Custom Relu function slower than normal?

I am trying to make a Custom Relu function that just doesn’t apply the relu to the gradient. The code is as follows:

class reluForward(torch.autograd.Function):
def forward(self, inp):
#option1:
#return = inp * (inp>0).float()
#option2:
#return F.relu(inp).data
#option3:
return F.relu(inp)
def backward(self, grad_out):
return grad_out

Option 1 and 2 both perform the correct function but are significantly slower than the built in nn.relu function (actually starting ok and then getting slower and slower as it runs) while option 3 tells me “data must be a Tensor.” Looking for any ideas for the slowdown or a different way to do this!

Edit: I have also now tried with return inp.clamp(min=0) which also works with the slowdown.

Got it! Don’t know why this would cause a problem, but I was declaring self.reluForwarder = reluForward() in the Module’s init. Moving it to just be reluForwarder = reluForward() in the forward function seems to make it work at the same speed as regular relu.

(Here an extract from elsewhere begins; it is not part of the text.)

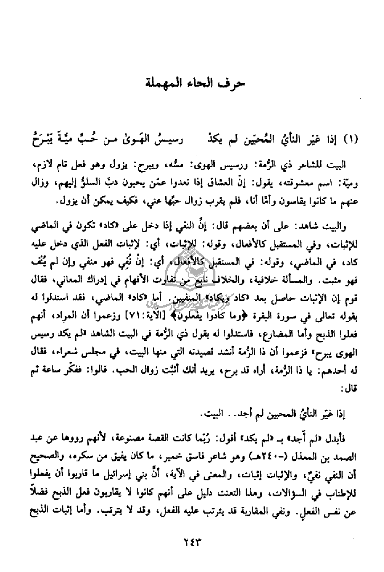 والبيت شاهد: على أن بعضهم قال: إنّ النفي إذا دخل على «كاد» تكون في الماضي للإثبات، وفي المستقبل كالأفعال، وقوله: للإثبات، أي: لإثبات الفعل الذي دخل عليه كاد، في الماضي، وقوله: في المستقبل كالأفعال، أي: إن نفي فهو منفي وإن لم ينف فهو مثبت. والمسألة خلافية، والخلاف نابع من تفاوت الأفهام في إدراك المعاني، فقال قوم إن الإثبات حاصل بعد «كاد ويكاد» المنفيين. أما «كاد» الماضي، فقد استدلوا له بقوله تعالى في سورة البقرة وَما كادُوا يَفْعَلُونَ [الآية: 71] وزعموا أن المراد، أنهم فعلوا الذبح وأما المضارع، فاستدلوا له بقول ذي الرّمة في البيت الشاهد «لم يكد رسيس الهوى يبرح» فزعموا أن ذا الرّمة أنشد قصيدته التي منها البيت، في مجلس شعراء، فقال له أحدهم: يا ذا الرّمة، أراه قد برح، يريد أنك أثبّت زوال الحب. قالوا: ففكّر ساعة ثم قال:

To avoid this mistake, you should keep in mind that a Function is not an nn.Module and should be used only once.
Also, for better performance, you should use the new style functions as follow:

class reluForward(torch.autograd.Function):
  @staticmethod
  def forward(self, inp):
    #option1:
    #return = inp * (inp>0).float()
    #option2:
    #return F.relu(inp).data
    #option3:
    return F.relu(inp)

  @staticmethod
  def backward(self, grad_out):
    return grad_out

# To use it:
inp = Variable(torch.rand(10, 10))
out = reluForward.apply(inp) # Use the class here, not an instance of it !